Question

A 1.000 gram sample of the rocket fuel hydrazine (N2H4) is burned in a bomb calorimeter. The temperature rises from 24.62°C to 28.16°C. The heat capacity of the calorimeter (including the water) is 5860 J/°C. Calculate the molar heat of combustion of hydrazine, in kJ/mole.

Answer 1

Answer:

The molar heat of combustion of hydrazine is -663.82 kJ/mole.

Explanation:

First we have to calculate the heat gained by the calorimeter.

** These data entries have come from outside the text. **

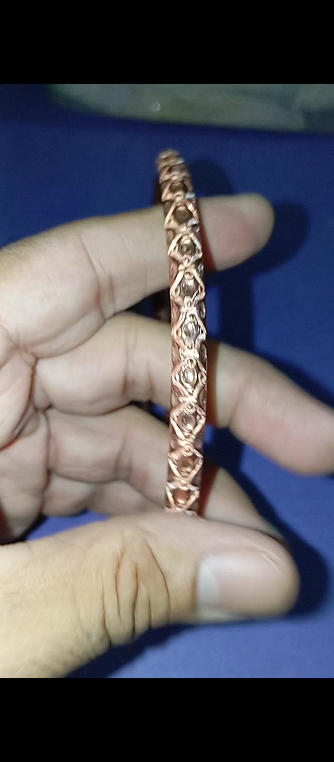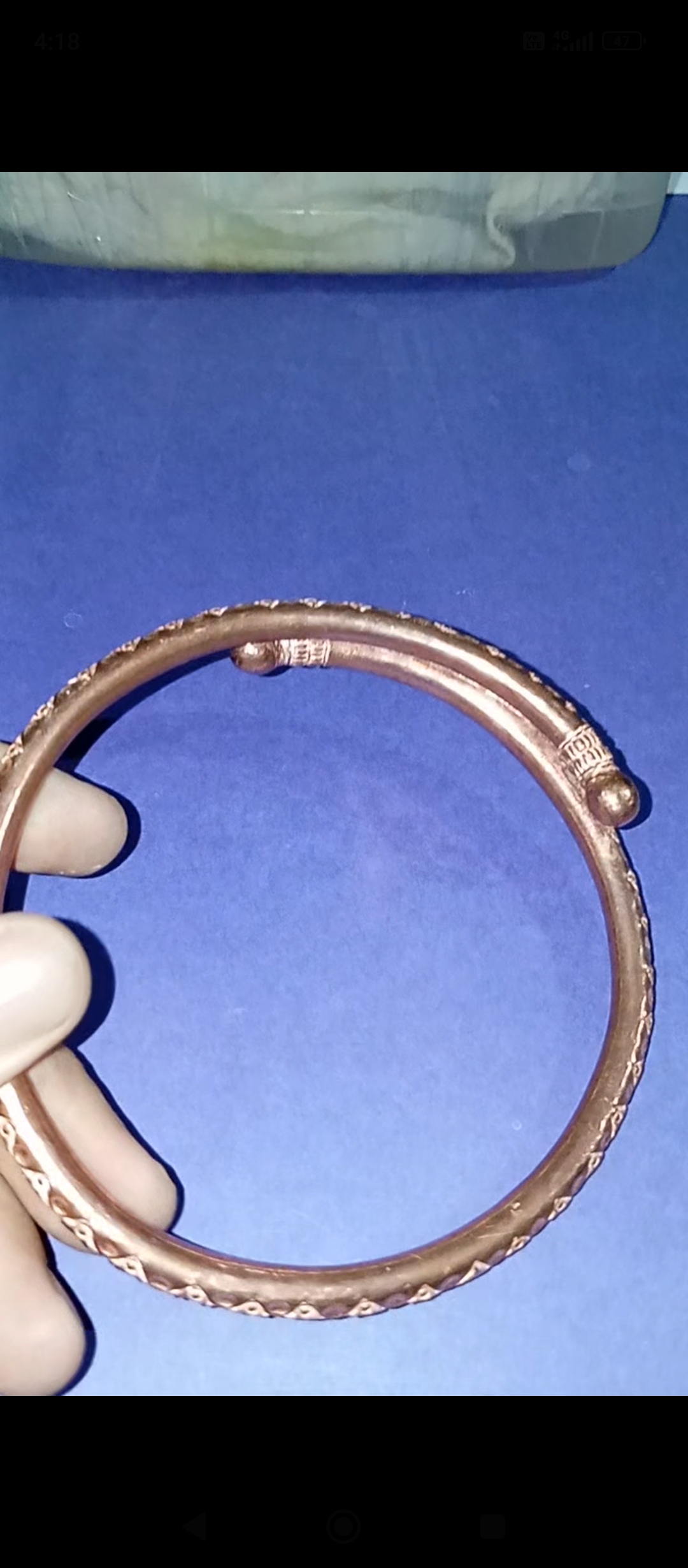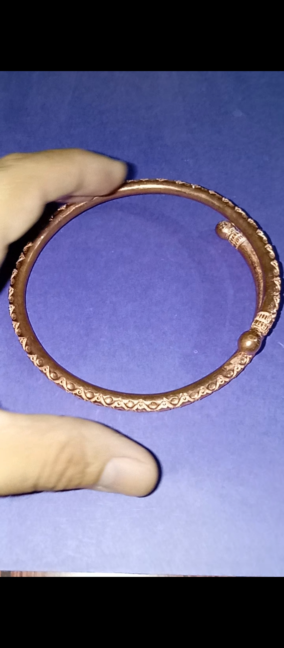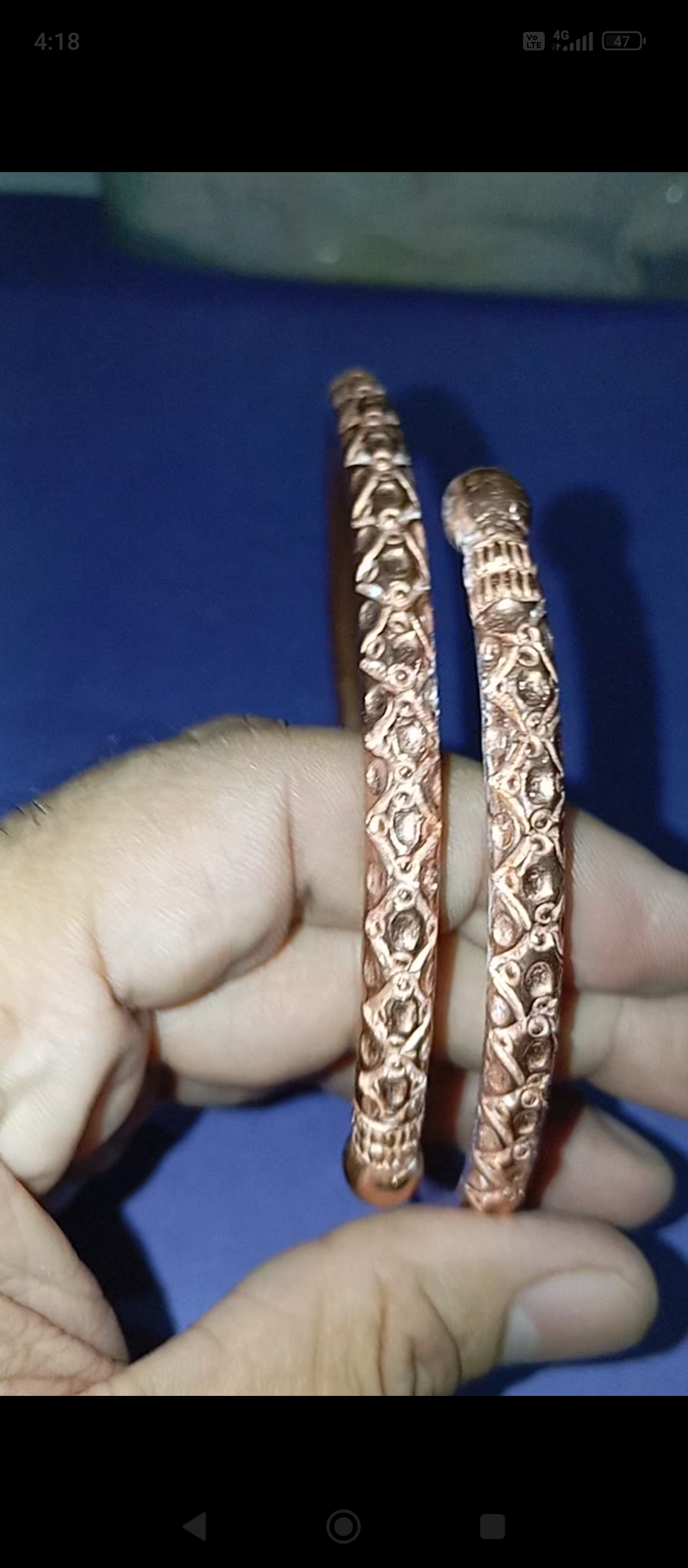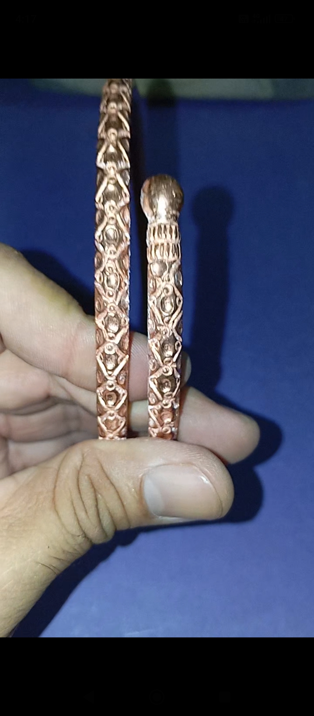 यह शुद्ध तांबे का बना हुआ एक सिंगल मोटे तार का कड़ा है और उसी के अंदर डिजाइनों को एंटीक तरीके से निकाला जाता है यह डिजाइन आप देख रहे हैं जो इस कड़े के दोनों मुंह पर हैं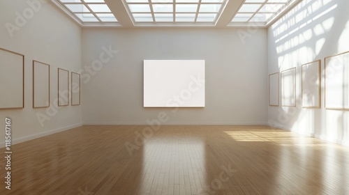 Minimalist art gallery interior with blank canvas against bright windows and wooden floor creating a spacious atmosphere for creativity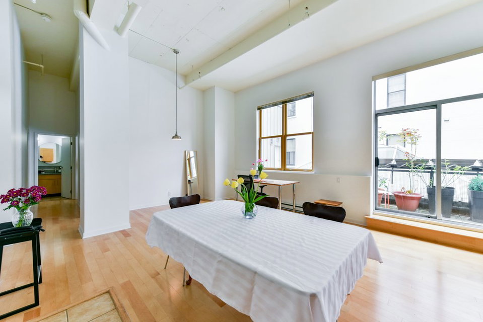 This is downtown New West living at its best. Everything you need is right outside your door. C2C Lofts are a unique true heritage loft conversion rich with character and history. This unit boasts 13’ ceilings and beautiful over-sized heritage style windows. Many updates inside, including engineered hardwood, appliances and granite counter tops. This 1000 square foot open plan offers maximum layout and decorating versatility. Bonus in suite laundry and storage room, also with 13 foot ceilings. Pet friendly building. Floor plan and detailed video walk-through available.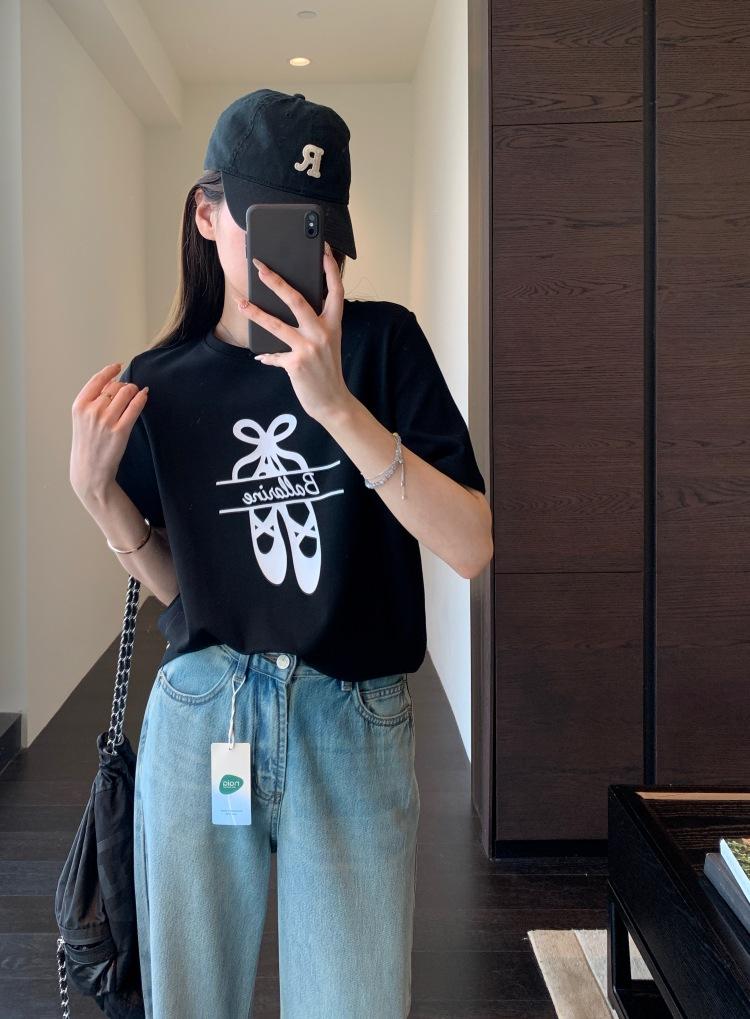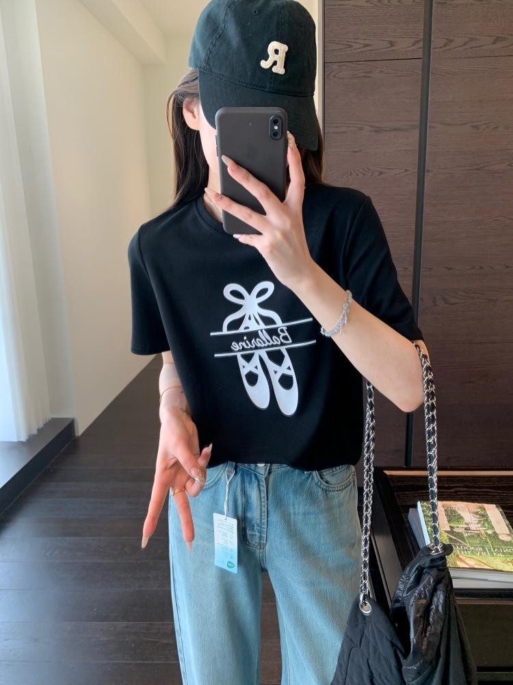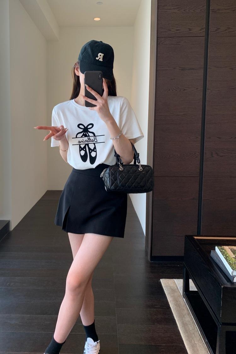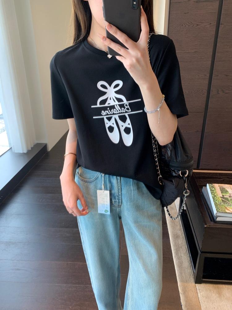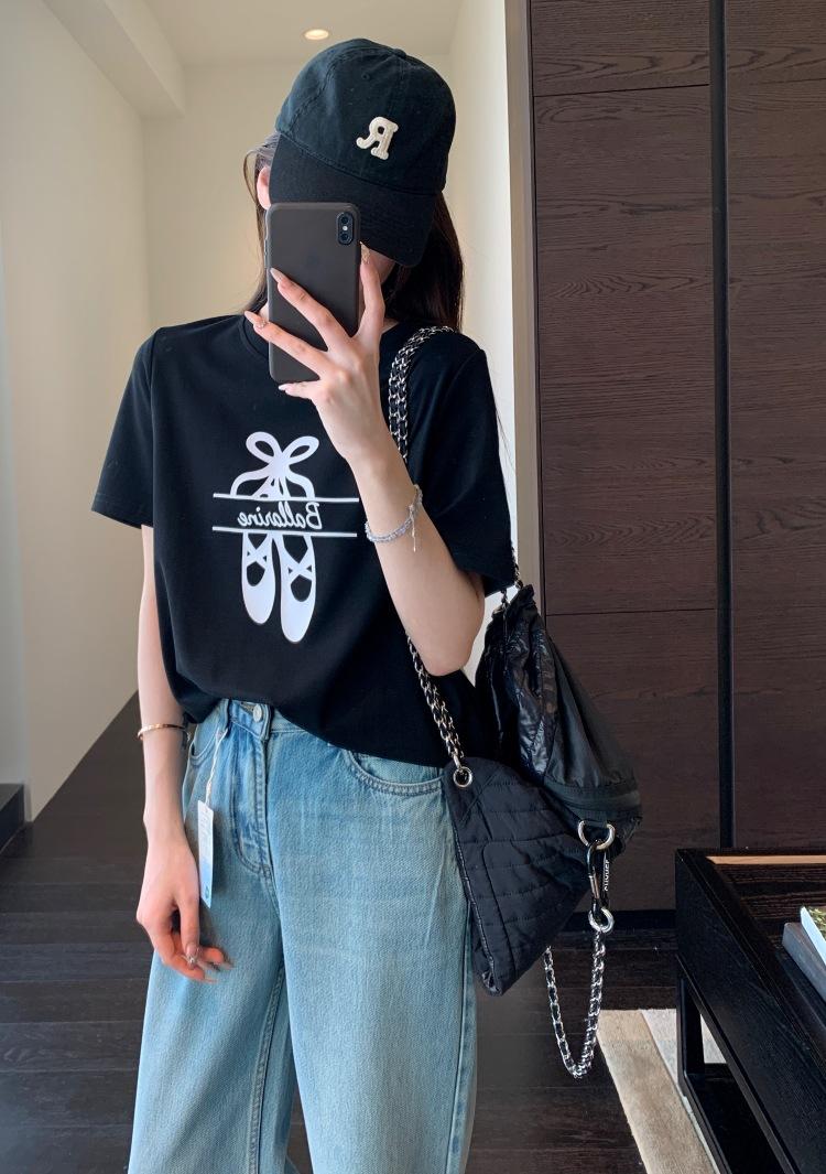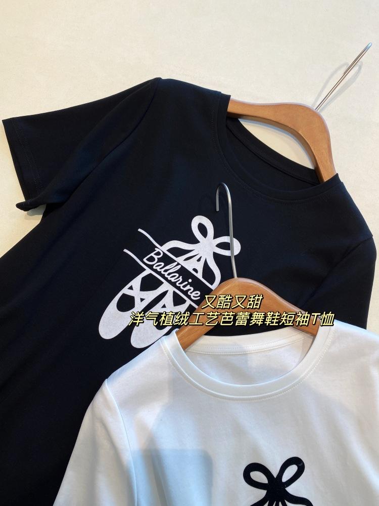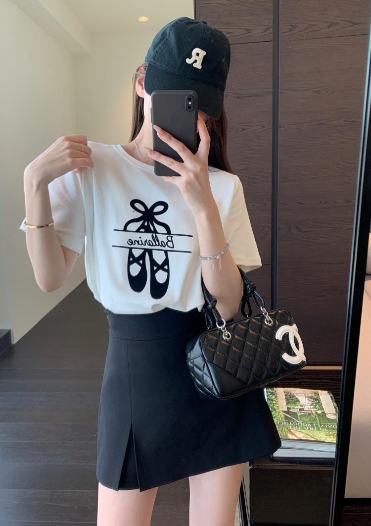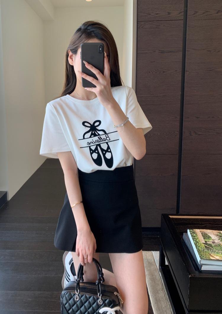 Camiseta de manga corta con zapatillas de ballet con flocado en el pecho

$q=c\times (T_{final}-T_{initial})$

where,

q = heat gained = ?

c = specific heat = $5860 J/^oC$

$T_{final}$ = final temperature = $28.16^oC$

$T_{initial}$ = initial temperature = $24.62^oC$

Now put all the given values in the above formula, we get:

$q=5860 J/^oC\times (28.16-24.62)^oC$

$q=20,744.4 J=20.7444 kJ$

Now we have to calculate the enthalpy change during the reaction.

$\Delta H=-\frac{q}{n}$

where,

$\Delta H$ = enthalpy change = ?

q = heat gained = 20.7444 kJ

n = number of moles fructose = $\frac{\text{Mass of hydrazine}}{\text{Molar mass of hydrazine}}=\frac{1.000 g}{32 g/mol}=0.03125 mole$

$\Delta H=-\frac{20.7444 kJ}{0.03125 mole}=-663.82 kJ/mole$

The molar heat of combustion of hydrazine is -663.82 kJ/mole.